🎉Community Raffle - Win $25

An exclusive raffle opportunity for active members like you! Complete your profile, answer questions and get your first accepted badge to enter the raffle.
Join and Win

Bug in Execute R operator

Hello, how are you, everyone.

I am using "Execute R" operator.

However, if the column name of the input table has Korean alphabet

(that is, if column name is Korean)

it crashes. (Error message shows, talking about java exeception...)


So please fix this problem for Korean users.

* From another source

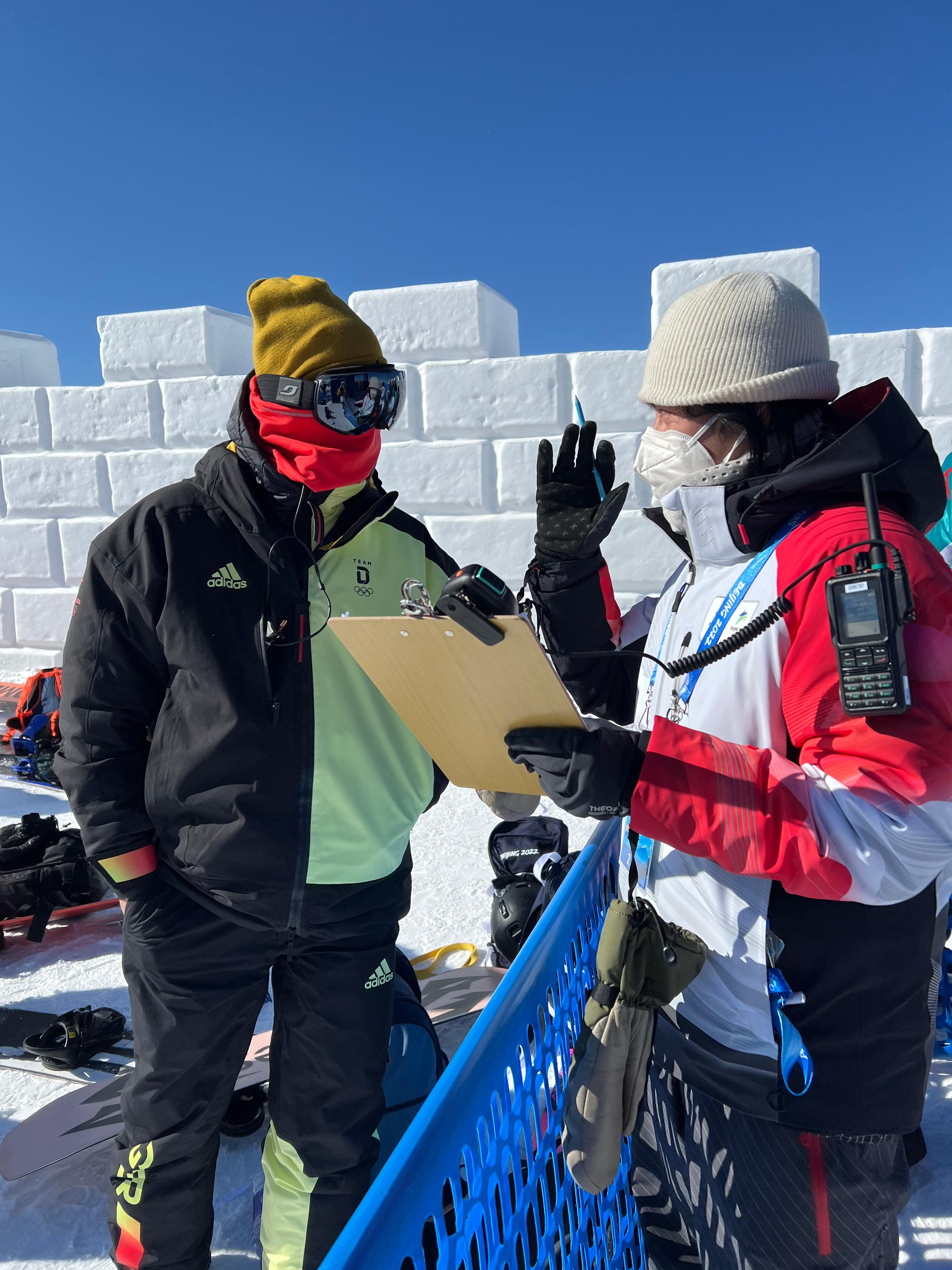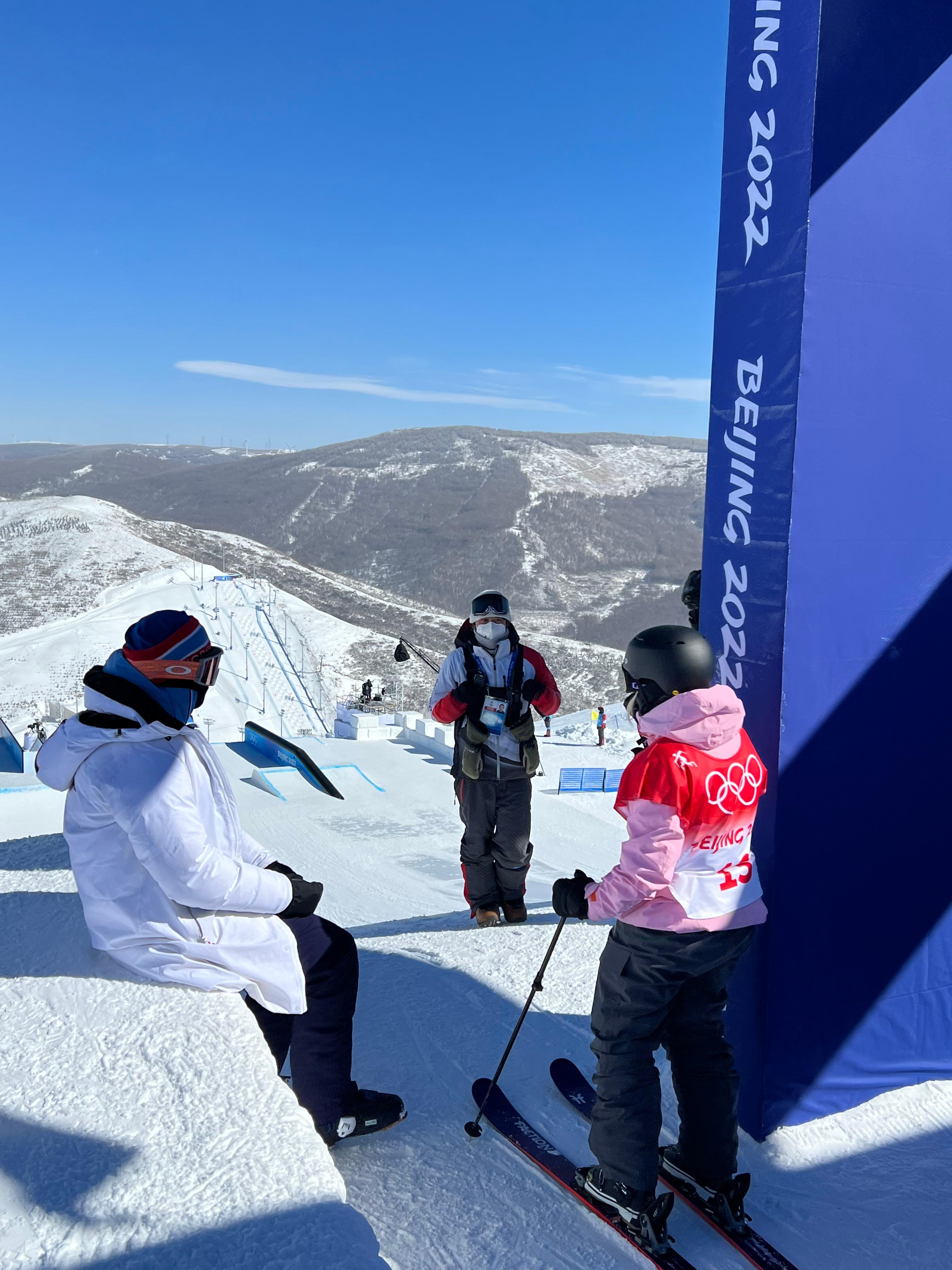 据李旭介绍,冬奥会裁判员分两种,一种是评分裁判,另一种是赛事组织裁判。李旭就是赛事组织裁判,负责坡面障碍技巧比赛起点的工作。

Thank you in advance and see you again.


KMC


Find more posts tagged with

Sort by:
1 - 23 of 231
    @Rapidminerpartner can you please provide the XML and a sample data set of this process so we can reproduce the error?

    Below is rmp file...

    <?xml version="1.0" encoding="UTF-8"?><process version="9.3.001">
      <context>
        <input/>
        <output/>
        <macros/>
      </context>
      <operator activated="true" class="process" compatibility="9.3.001" expanded="true" name="Process">
        <parameter key="logverbosity" value="init"/>
        <parameter key="random_seed" value="2001"/>
        <parameter key="send_mail" value="never"/>
        <parameter key="notification_email" value=""/>
        <parameter key="process_duration_for_mail" value="30"/>
        <parameter key="encoding" value="SYSTEM"/>
        <process expanded="true">
          <operator activated="true" class="retrieve" compatibility="9.3.001" expanded="true" height="68" name="Retrieve 101_DT_1B04005N_Y_2016---" width="90" x="45" y="34">
            <parameter key="repository_entry" value="//Local Repository/processes/101_DT_1B04005N_Y_2016---"/>
          </operator>
          <operator activated="true" class="r_scripting:execute_r" compatibility="9.1.000" expanded="true" height="103" name="Execute R" width="90" x="246" y="34">
            <parameter key="script" value="# rm_main is a mandatory function, &#10;# the number of arguments has to be the number of input ports (can be none)&#10;rm_main = function(data)&#10;{&#10;    print('Hello, world!')&#10;    # output can be found in Log View&#10;    print(str(data))&#10;    &#10;    # your code goes here&#10;&#10;    # for example:&#10;    data2 &lt;- as.data.table(matrix(1:16,4,4))&#10;&#10;    # connect 2 output ports to see the results&#10;    return(list(data,data2))&#10;}&#10;"/>
          </operator>
          <connect from_op="Retrieve 101_DT_1B04005N_Y_2016---" from_port="output" to_op="Execute R" to_port="input 1"/>
          <connect from_op="Execute R" from_port="output 1" to_port="result 1"/>
          <portSpacing port="source_input 1" spacing="0"/>
          <portSpacing port="sink_result 1" spacing="0"/>
          <portSpacing port="sink_result 2" spacing="0"/>
        </process>
      </operator>
    </process>

    hi @Rapidminerpartner can you please also post the exampleset 101_DT_1B04005N_Y_2016--- ?

    Hell, I didn't know I could attach files.

    Here you are... and Thank  you.


    varunm1User: "varunm1"
    New Altair Community Member
    Updated by varunm1
    Hello @Rapidminerpartner

    I tried your dataset using your process and it didn't give any error for me, but it is changing the attribute names inside R-script. I tried adding breakpoint before R-Script (Execute-R operator), and it showed me the exact attribute names as present in the CSV file attached in your post. But once it is processed by the script in R it blanked some symbols with boxes as shown in the center figure below. I also see that you didn't write any script in R and just using the default script in Execute R operator. I uploaded the CSV data using read.csv in R-studio separately and observed R is changing your attribute names. This is shown in the last image in the below screenshot.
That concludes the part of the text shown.